If nobody is to leave on the same floor, then the 1st passenger has any of 9 floors to depart on, the 2nd passenger has any of 8 floors to depart on (he can't pick the floor of the first passenger), the 3rd passenger has any of 7 floors (he can't pick either of the floors chosen by passengers 1 or 2), and so on. Therefore, there are (9*8*7*6*5*4*2) ways the 7 passengers can depart. However, if there are no restrictions on how passengers depart, there must be (9*9*9*9*9*9*9) = 9^7 different ways for the passengers to depart.

# Question 7

7 people are passengers in a single elevator on a building with 9 floors. The elevator stops at all floors and each passenger eventually departs on some floor in the building, with no new passengers getting on. If each floor is equally likely to have any number of departing passengers, what is the probability that no passengers depart on the same floor?

# Answer 7

The probability is 1 / 429.

In question 6, these two events are distinct:

A = "Passenger one departs on floor one, then passenger two departs on floor one"
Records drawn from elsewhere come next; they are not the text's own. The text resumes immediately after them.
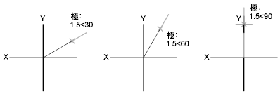 極トラッキングを使用すると、指定した角度にカーソルの移動が制限されます。PolarSnap を使用すると、極角度に沿って指定した距離の増分にカーソルの移動が制限されます。
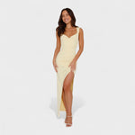 El vestido Sarella redefine la sofisticación con su escote drapeado y la espalda descubierta con lazo. Con una silueta entallada que estiliza y una abertura lateral que aporta movimiento, es ideal para eventos especiales en los que quieras brillar.
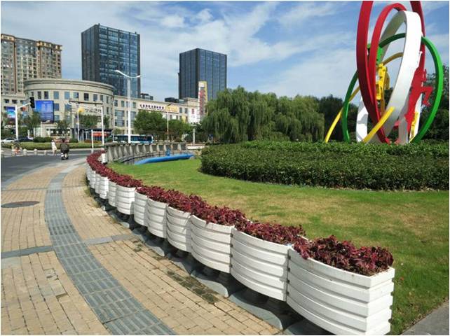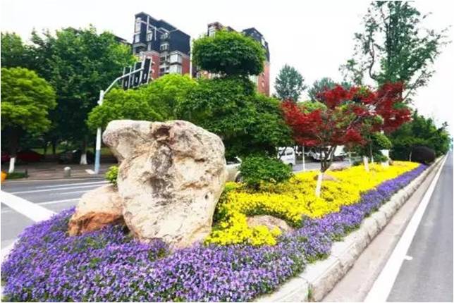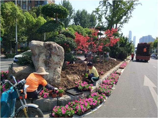 重点道路中分带路口布置草花,扮靓了道路环境,为河西建邺披上了节日的盛装。

B = "Passenger two departs on floor one, then passenger one departs on floor one"

However, in this scenario, we do not care about the order of departure; we only care about the number of passengers on any floor at the end of the process. We can model this problem in the following way:

Represent people with the number 0 and let 1 be a floor divider. Assuming there are only 3 people and 4 floors, this would be a possible way that nobody gets off on the same floor: 010101. As you can see, each passenger is on a different floor, and the last floor is unoccupied. Here's the other way 3 people can exit on 4 floors: 101010. The total number of ways passengers can depart is a multi-permutation: (3+3)!/(3!3!) = 5. Since there are only 2 ways that nobody can depart on the same floor, the probability for this smaller example is 2/5.
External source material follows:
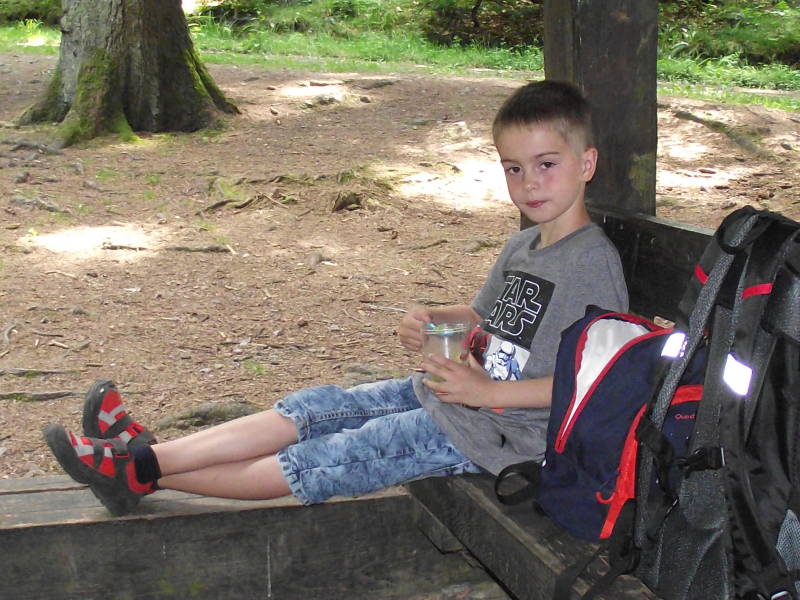 Hier komt de rivier de 'Hoëgne' uit de Hoge Venen, en is er een open plaats. De zon toont zich van z'n beste kant, waardoor Tristan en Odin hun zwembroek aantrekken in de rivier gaan spelen :)

Extending to 7 people and 9 floors, we have a total of (7+8)!/(7!8!) = 1307674368000 ways for people to depart, and we can enumerate easily the number of ways that nobody departs on the same floors with our 1's and 0's:

101010101010101

011010101010101

010110101010101

010101101010101

...

010101010101011

110101010101010

101101010101010

101011010101010

...

101010101010110

Giving a total of 15 ways. Hence the probability is 15 / 6435 = 1 / 429.